アプリケーションの実行時に出力されるエラーメッセージごとに、その対処方法を説明します。
「JYP1079E マルチスレッドの実行環境に誤りがあります」
処理 | アプリケーション |
事象 | マルチスレッドの実行環境の誤り |
メッセージ | JYP1079E マルチスレッドの実行環境に誤りがあります. |
埋込みエラー番号 | - |
マルチスレッドの実行環境に誤りがあります。

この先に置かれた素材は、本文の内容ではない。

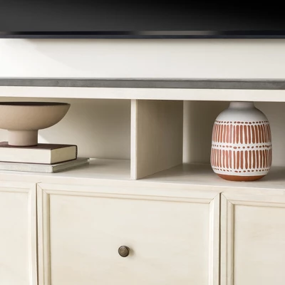 Farmhouse 3 Drawer Wood TV Stand For TVs Up To 65″ – Saracina Home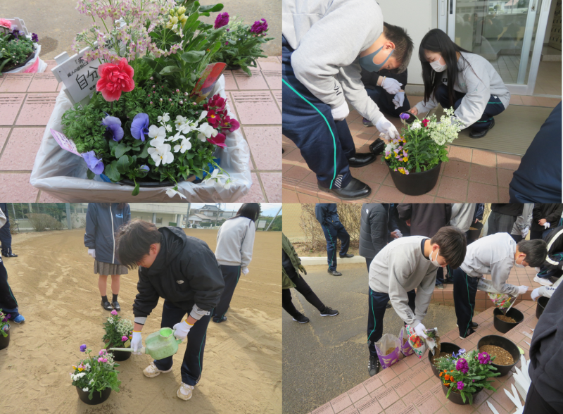 【行事報告】3年生美化活動・美花活動 投稿日時 : 01/30 sgym カテゴリ:学校行事 本校3年生が飛翔式(18歳成人)のスローガンとして「貢献報恩」を掲げています。 飛翔式に先立ち、1月14日(水)に匝瑳市内美化活動(ゴミ拾い)を行いました。 また、美花活動として花の寄せ植えを作成し、各中学校(母校)に届けました。 自分たちで花を選び、今後も地元へ貢献することを誓い感謝の気持ちとともに、楽しく活動をすることが出来ました。 Tweet

以下を確認してください。
コンパイル/リンク時にオプションを正しく指定しているか
マルチスレッドアプリケーションの場合、コンパイル/リンク時に、“sqlcc、sqlfcc、sqlcobolのオプション”、または“環境変数SQLPC、SQLPCOB”にTオプション(マルチスレッドのオプション)を指定する必要があります。
参照
詳細は、“アプリケーション開発ガイド(埋込みSQL編)”の“コンパイル・リンクの方法”を参照してください。
アプリケーション内でマルチスレッド用関数(SQLThr~)を使用してスレッド管理しているか
マルチスレッドアプリケーションの場合、アプリケーション内でSymfoware/RDBのマルチスレッド用関数(SQLThr~)を使用して、スレッド管理する必要があります。
参照
詳細は、“アプリケーション開発ガイド(埋込みSQL編)”の“マルチスレッド環境におけるデータ操作”を参照してください。
注意
シングルスレッドアプリケーションの場合は上記の作業は実行しないでください。
「JYP2008E 同時に操作できるSQL文の数を超えました」
処理 | アプリケーション |
事象 | 同時に操作可能なSQL文数 |
メッセージ | JYP2008E 同時に操作できるSQL文の数を超えました. |
埋込みエラー番号 | - |
同時に操作できるSQL文の数を超えて、同時にカーソルをオープンしているか、動的SQL文の識別子を準備して(PREPARE文を実行している)います。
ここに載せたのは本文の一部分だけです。